What is EPR?

What is EPR?

According to the Organisation for Economic Cooperation and Development (OECD), Extended Producer Responsibility (EPR) is an environmental policy approach in which a producer’s responsibility for a product is extended to the post-consumer stage of a product’s life cycle. Its defining feature is the shift of financial and operational responsibility for end-of-life management away from municipalities and taxpayers and onto producers.

By moving responsibility upstream, EPR can, in principle, create incentives for producers to integrate environmental considerations into product and packaging design.

EPR has a long history

Its roots go back to producer-funded deposit return systems for beverage containers in the 1970s, which are widely recognised as the first practical application of EPR. In the 1990s, countries began adopting EPR policies for packaging, and in the 2000s, the EU implemented directives requiring EPR for Waste Electrical and Electronic Equipment (WEEE), batteries, accumulators, and vehicles, while also encouraging adoption for packaging. By 2011, the largest global EPR schemes covered:

  • electronics (35%)
  • packaging (17%)
  • vehicles (12%)
  • tyres (18%)

More recently, the EU’s 2019 Single-Use Plastics Directive has prompted further expansion of EPR to plastics-heavy products, including construction materials, textiles, electronics, fishing gear, and vehicles, many of which are commonly found in litter surveys.

How EPR has evolved and extended

While the OECD’s definition of EPR is widely regarded as a solid foundation, it’s important to note that EPR has evolved, and so have expectations. Historically, EPR schemes have been effective at mobilising resources for waste management, but they did not always create strong incentives for better product design or waste prevention.

Recognising this, Europe’s Circular Economy Act reframes EPR as more than a narrow waste-management tool: it positions EPR as a key enabler of circularity by ensuring the financing and infrastructure needed so that other circular-economy strategies, such as reuse, recycled content, eco-design, and improved material recovery, can be effectively implemented.

Since the first programmes were launched in Germany in 1991 and France in 1992, EPR has expanded globally and helped professionalise waste and resource management through the development of skilled Producer Responsibility Organisations (PROs). These institutions now operate robust data systems, technical capacity, and large-scale collection and recycling networks. They are well placed to support broader circular economy measures; however, it remains essential that EPR itself stays a distinct policy instrument and that other policy tools like reuse and recycled content targets be established through separate policy frameworks to maintain ambition, clarity, and accountability. When these policies fall under the umbrella of producer-run organisations, there is a risk that targets are weakened to maintain the status quo. Because PROs represent business interests, they cannot self-regulate their way into transformative change.

EPR’s unique value is its financing functionality; the stable, predictable funding stream that underpins all circular-economy performance. Positioned correctly, EPR functions as a resource-management instrument that supports closed loops, strengthens material sovereignty, and reduces environmental impacts, while other policy instruments set the ambition needed to deliver full circularity.
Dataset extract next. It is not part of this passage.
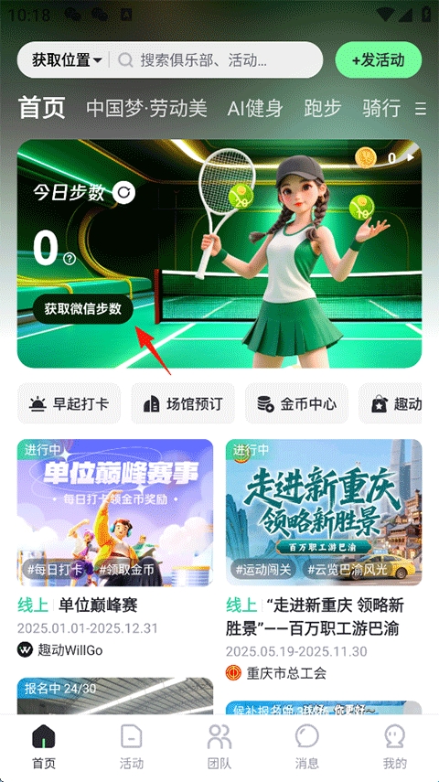 4、绑定后在首页点击获取微信步数即可实现双端同步。

How EPR can be implemented

Like many public policy tools, EPR can be designed and implemented in different ways across jurisdictions, with differing scopes (financial and/or operational), governance models, and supporting policy instruments, each reflecting the specific objectives of governments, producers, and other stakeholders.

About Reloop’s EPR Toolbox

The EPR Toolbox is designed to support governments, regulators and producers in building and implementing EPR schemes that are fair, transparent and effective. It sets out the core components of strong EPR design while drawing on lessons from mature schemes to help emerging programmes avoid common pitfalls.
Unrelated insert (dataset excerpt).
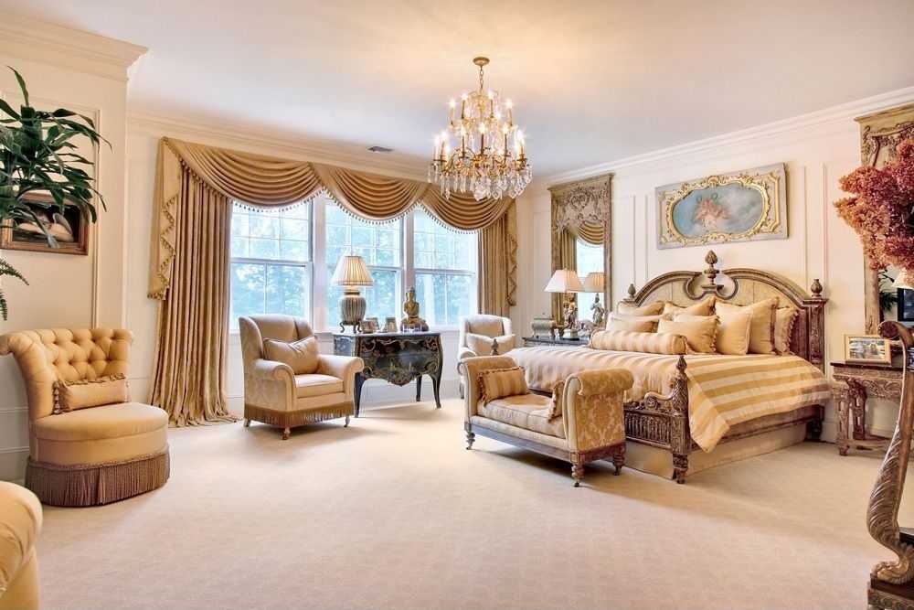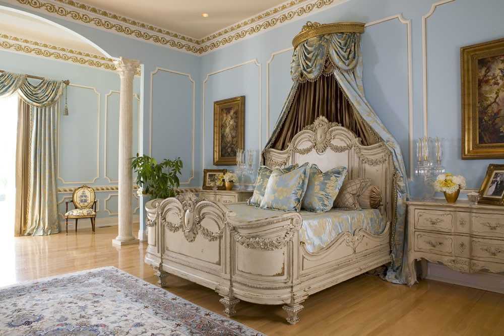 Аристократические мотивы в интерьере спальни представлены в виде великолепной мебели и отделочных материалов

Because each jurisdiction has its own approach to cost allocation, institutional structure, and level of government involvement, the toolbox is deliberately adaptable and relevant for Europe, the U.S., Asia, Australia, and beyond.

Because effective EPR depends both on strong regulation and on well-designed delivery systems, the toolbox separates its core components into two categories, Operational and Policy.

This distinction helps clarify where public authorities must set direction and oversight, and where producers and PROs are responsible for implementation.